Compare original and translation side by side
🇺🇸
Original
English🇨🇳
Translation
ChineseArize Compliance Audit Skill
Arize合规审计Skill
Use this skill when the user wants to audit their AI agent or LLM application for regulatory compliance. The skill scans the codebase for compliance gaps, cross-references Arize instrumentation for audit trail coverage, and produces a tailored checklist with optional remediation.
Triggers: "audit my app for compliance", "EU AI Act requirements", "NIST AI RMF checklist", "GDPR for AI", "is my AI app compliant", "compliance checklist", "regulatory audit", "ISO 42001", "AI management system", "AIMS certification".
当用户希望审核其AI Agent或LLM应用的监管合规性时使用此Skill。该Skill会扫描代码库查找合规性差距,交叉引用Arize工具的审计跟踪覆盖范围,并生成带有可选整改方案的定制化清单。
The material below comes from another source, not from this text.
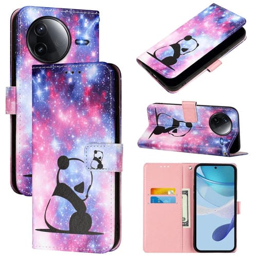 Funda de Teléfono de Cuero con Patrón de Dibujo de Colores de Tejido Liso para Redmi K80/K80 Pro (Panda Bebé)
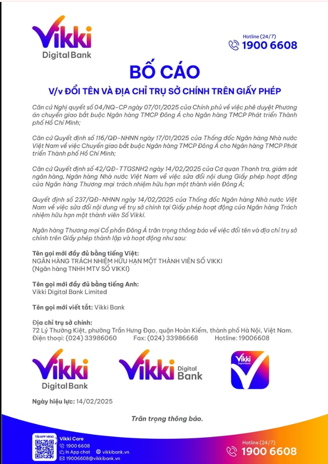 Ngân hàng TNHH một thành viên Đông Á đổi tên thành Ngân hàng Số Vikki theo quyết định số 42/QĐ-TTGSNH2 ngày 14/02/2025 của Ngân hàng Nhà nước Việt Nam.

触发词: "audit my app for compliance", "EU AI Act requirements", "NIST AI RMF checklist", "GDPR for AI", "is my AI app compliant", "compliance checklist", "regulatory audit", "ISO 42001", "AI management system", "AIMS certification"
Disclaimer
免责声明
Before doing anything else, present this disclaimer verbatim to the user:
⚠️ Legal disclaimerThis audit is for guidance only and does not constitute legal advice or a complete compliance assessment. It identifies common technical patterns and gaps based on publicly available regulatory frameworks, but cannot assess your organisation's specific legal obligations, contractual commitments, data processing agreements, or operational processes.Do not rely on this output as a substitute for qualified legal counsel. Regulatory compliance is a complex, jurisdiction-specific, and fact-dependent determination. Always engage a qualified attorney or compliance specialist for binding assessments.
在执行任何操作之前,请向用户一字不差地展示以下免责声明:
⚠️ 法律免责声明本审计仅作指导用途,不构成法律建议或完整的合规评估。它基于公开可用的监管框架识别常见技术模式和差距,但无法评估您组织的具体法律义务、合同承诺、数据处理协议或运营流程。请勿将此输出作为合格法律顾问的替代方案。 监管合规是一项复杂、因司法管辖区而异且依赖具体事实的判定工作。始终请合格律师或合规专家进行具有约束力的评估。
Core principles
核心原则
- Prefer inspection over mutation — understand the codebase before suggesting changes.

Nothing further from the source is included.